目的 采用低温超音速等离子喷涂（LT-HVOF）在镍基高温合金基体（K417）上制备了NiCoCrAlYTa粘结层，使用大气等离子喷涂（APS）在粘结层上制备了纳米7%Y2O3-ZrO2（7YSZ）陶瓷涂层，以获得温度梯度热循环下纳米陶瓷层的结构演变机制。方法 通过燃气热冲击实验仪对热障涂层模拟真实服役条件下温度梯度热循环的工作环境，采用一维稳态热传导模型计算了热障涂层中各涂层界面的温度，探讨了在热驱动作用下等径晶粒和非等径晶粒的扩散长大机制。结果 热循环次数为40次时，涂层近表面出现了烧结致密化现象，而陶瓷层底部涂层保持原来的结构。热循环次数增加到460次时，整个陶瓷层断面都发生了烧结致密化现象。结论 温度是涂层烧结致密化的主导因素。涂层中当等大晶粒接触形成弯曲颈时，由于弯曲颈只受水平方向静压力作用，晶粒中原子扩散速率慢，导致晶粒长大速率较慢；而当非等大晶粒接触形成弯曲颈时，在晶粒接触弯曲颈处存在一偏大晶粒方向的剪切力，其导致晶粒向弯曲颈扩散速率增加，晶粒长大速率较快。

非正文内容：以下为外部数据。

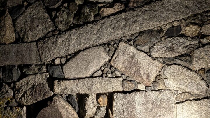 さまざまな大きさや形状の独特の石垣迎えてくれます。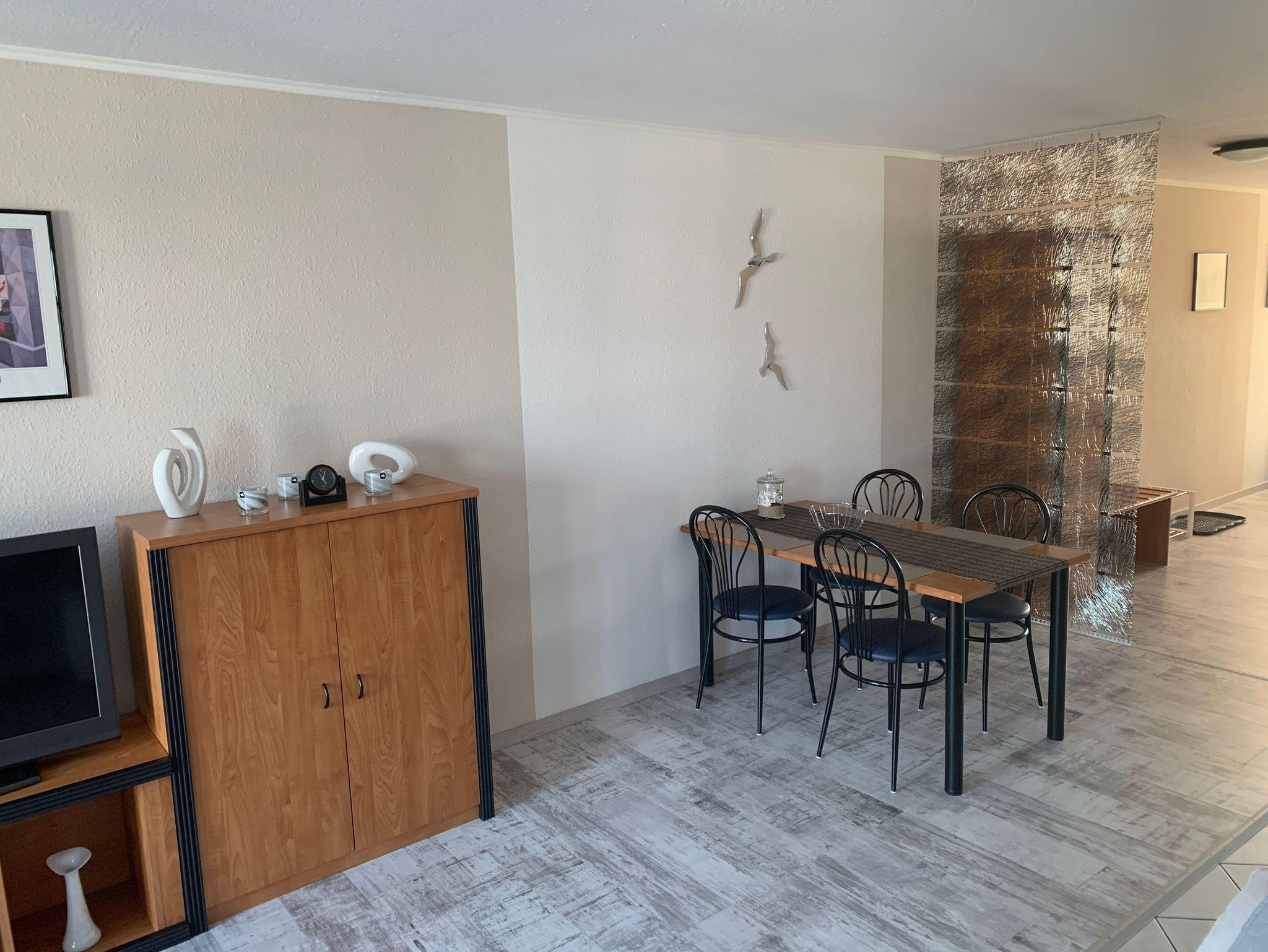 Die Wohnung besteht aus einem Schlafzimmer mit Doppelbett, einem Wohnzimmer mit Schlafsofa, TV mit Videotext und Radio, DVD-Player, einer komplett eingerichteten Küchenzeile (Backofen, Mikrowelle, Kaffeemaschine,Toaster und jegl. Utensilien) mit extra Essbereich. Ein Badezimmer mit Dusche/WC gehört mit zur Aufteilung.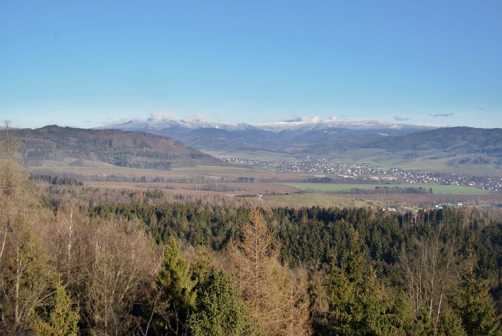 Účelem výstupu na Kokeše však nebylo žádné bilancování nad dny zmizelými … a už vůbec ne zoufalá snaha vytvářet si nějaká nesplnitelná předsevzetí do těch příštích. Prostě jsme jen přes Čarovný les a Tulinku vyšli na oblíbený skalní útvar a tady se – s několika dalšími podobně postiženými – dlouze kochali. Zejména směrem k lehce „pocukrovanému“ horskému masivu za údolím řeky Desné. Asi nás ten nahoře musel mít docela rád, když nás na své šachovnici umístil zrovna na toto „políčko“ (tím ovšem netvrdím, že by např. v Toskánsku nebo Provence bylo nějak zvláště zle) …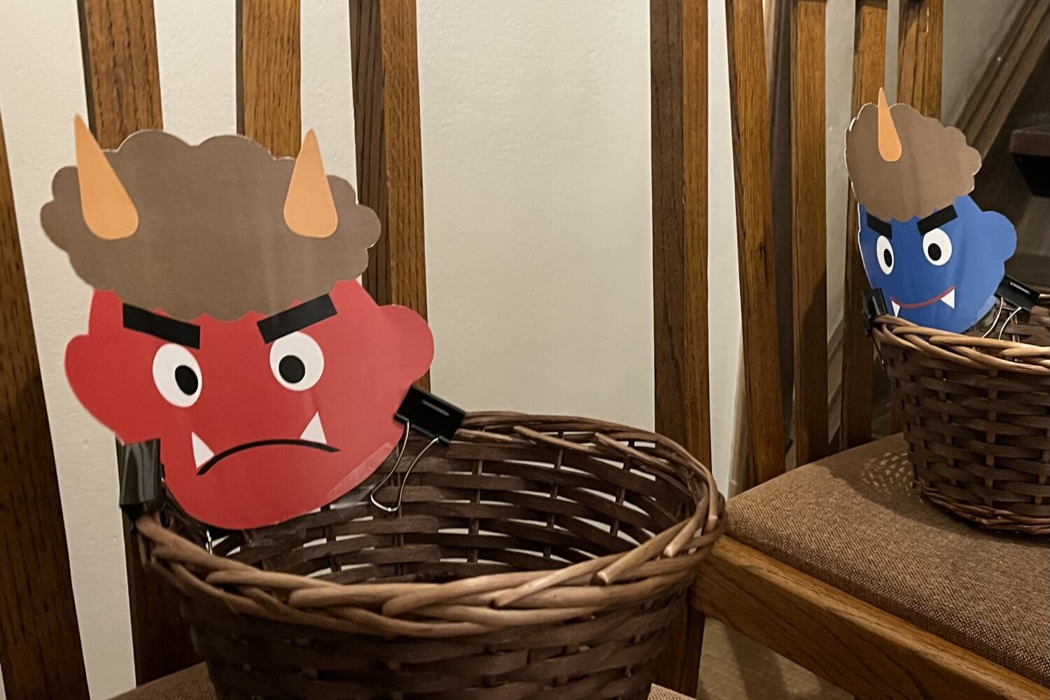 そしてお食事の最後には、子どもたちが鬼さんに向かって豆まきをして、みんなで炒り大豆を食べました👹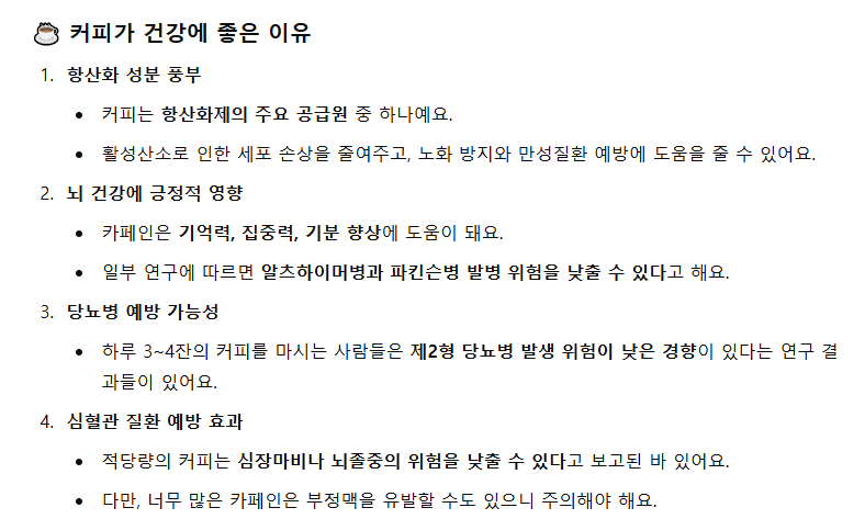 "챗GPT, 커피가 건강에 좋은 이유를 알려줘."

The work aims to get the structure evolution mechanism of nano ceramic coating during gradient thermal cycle by preparing NiCoCrAlYTa bonding layer on nickel-based superalloy (k417) by low temperature-high velocity oxygen flame (HVOF) and nano-7YSZ ceramic coating on the bonding layer by air plasma spraying. Gradient thermal cycle test was carried out on nano-7YSZ TBC with a flame tester to simulate service condition of thermal barrier coating (TBC) in turbine engine. Interface temperatures in TBC were calculated based on one-dimensional model of steady heat conduction. Provided with 40 thermal cycles, the coating subsurface was subject to sintering densification, while base coating of the ceramic layer reserved the original structure. As the thermal cycle number increased to 460 times, entire section of the ceramic layer was subject to sintering densification. The coating sintering densification is mainly affected by temperature. When isometrical grains in the coating contact and form crooked neck, the grains grow slowly since the neck bears static stress in horizontal direction only and diffusion rate of atoms in the grains is slow. However, when non-isometrical grains in the coating contact and form crooked neck, the grains grow quickly since shear force in direction of large grain is present on the neck and the diffusion rate of grains is accelerated.